Having run broadly west to east from Roding Valley through Chigwell to Grange Hill, the Hainault loop turns to the south to reach Hainault station. The depot is situated to the west of the loop, with the northern entrance turning off from the Central Line a little to the south of Grange Hill. Access to the loop at the southern end of the depot is to the north of Hainault station. The border between the county of Essex and the London Borough of Redbridge runs along the line of the railway from Grange Hill, and then runs along the western perimeter fence, before turning to the west before reaching the southern end of the site. Part of the depot site was in Essex until boundary alterations in 1998.

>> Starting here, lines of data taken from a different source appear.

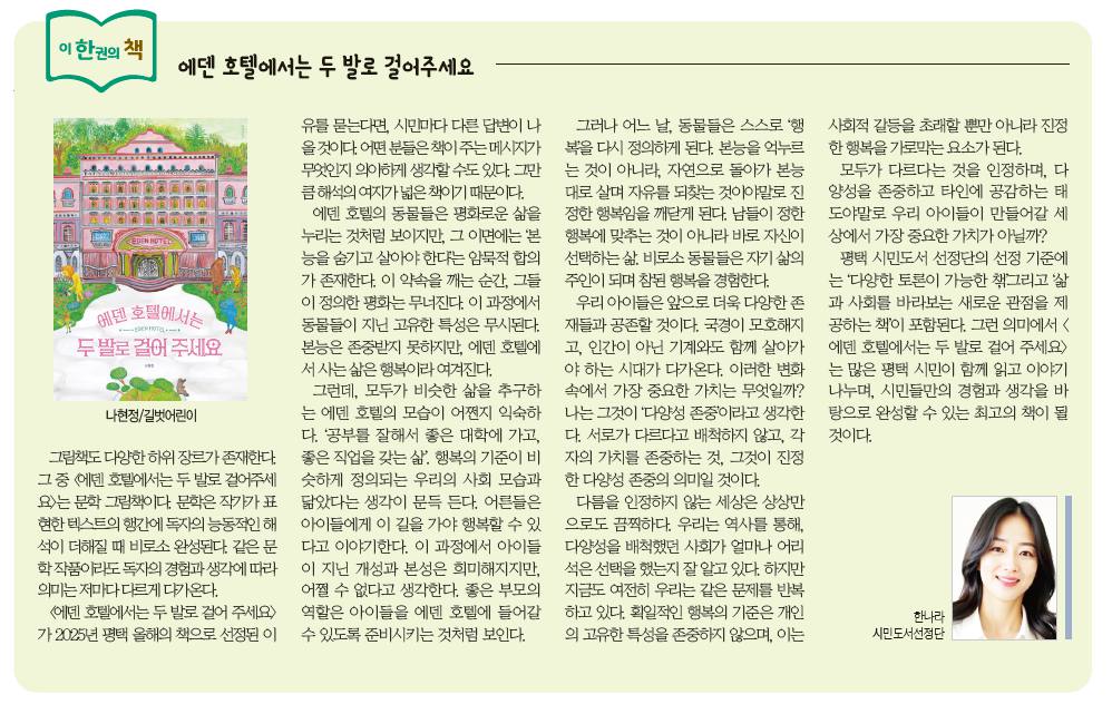 2025 독서칼럼 <에덴호텔에서는 두 발로 걸어주세요> (평택시사신문)
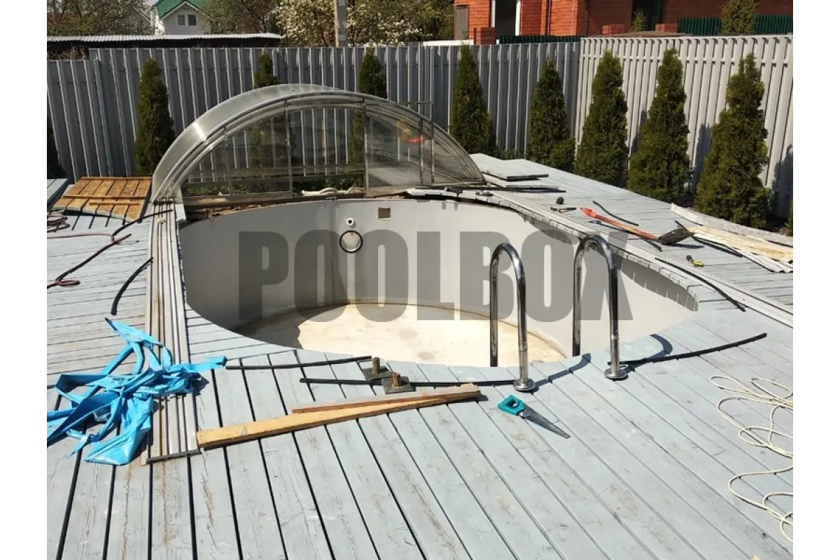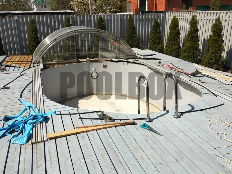 Основной недостаток каркасного (сборно-разборного) плавательного бассейна является недолговечность вкладыша из пленки ПВХ (чашковый пакет) и высокая вероятность его повреждения в процессе эксплуатации бассейна. В качестве альтернативы использования чашкового пакета является отделка каркаса пленкой ПВХ толщиной 1,5 мм. В данном случае была использована пленка ПВХ Aquaviva 1,5 мм. blue, срок эксплуатации которой составляет не менее 15 лет.
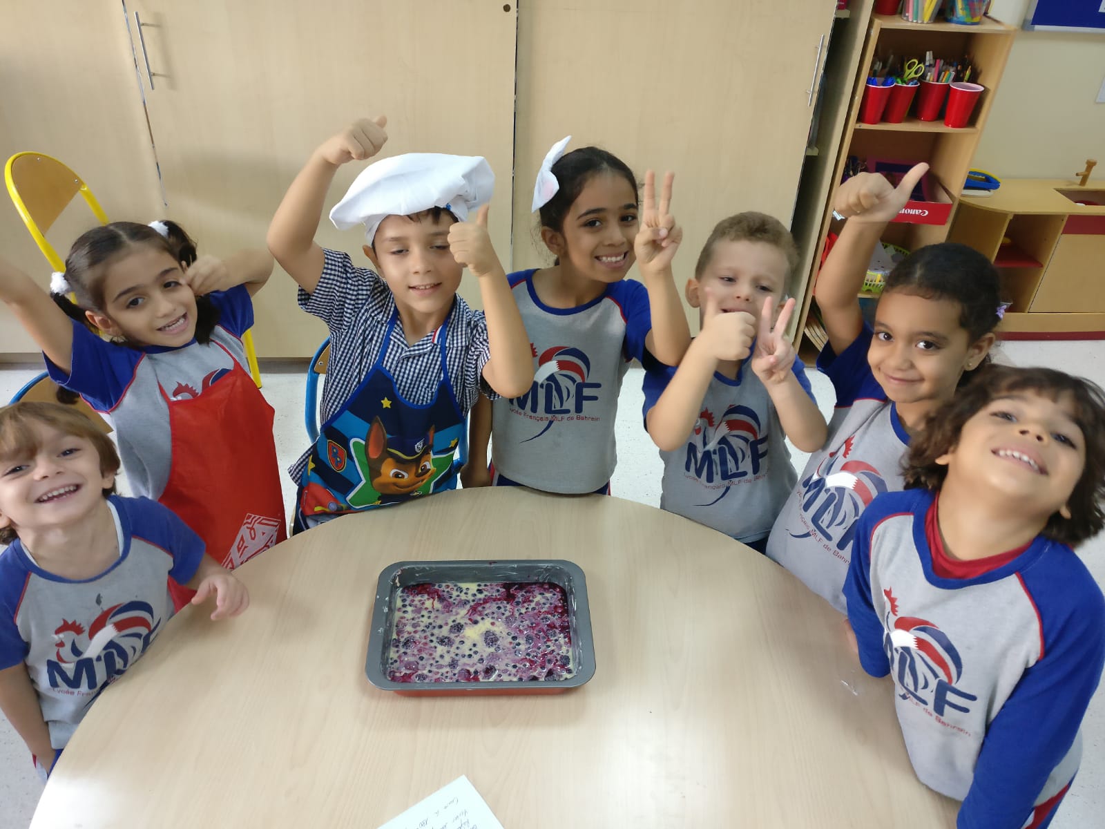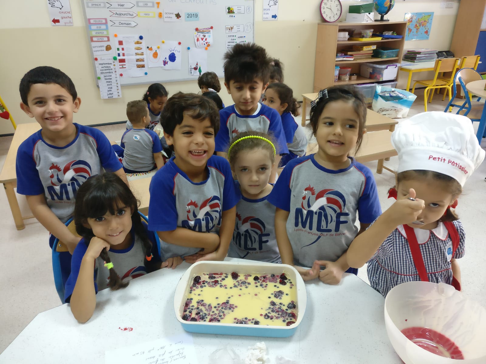 Chez les petits, il est temps pour les GS de se mettre a la pâtisserie : clafoutis aux fruits rouges pour les GSA et tartes aux pommes pour les GSB. Ils se réunissent ensuite pour un goûter commun en fin de journée !
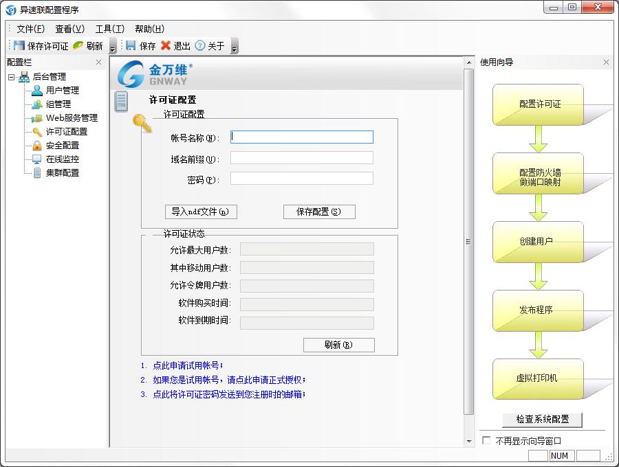 异速联客户端是北京金万维科技有限公司推出的具有自主知识产权的远程接入系统,统一部署、集中管理,减少远程客户机维护,实现低带宽条件下对应用软件的快速远程接入,提升IT效率,将C/S架构转化成B/S架构,降低了对网络带宽的要求,同时避免在每台电脑的重复安装、调试、更新应用软件,从而降低企业信息化成本,提升工作效率,大大简化部署与管理复杂的计算环境。

The basic layout of the depot has changed very little throughout its history. In 2002, there was a train washing line immediately to the west of the service lines, followed by fifteen open-air sidings for stabling trains. To the west of those was a 9-road shed for stabling, and a couple of sidings near the administration block. Four of the carriage shed lines were only accessible from the northern end, while the westernmost five were through roads, which converged to run through a 3-road cleaning shed, further to the south. A second train washing machine was located to the south of that on one of the exit roads. The 1938 Ordnance Survey map shows the carriage shed, with the tracks at the northern end, and some of the stabling sidings next to the carriage shed. The structure of the cleaning shed is shown, but no tracks are connected to it.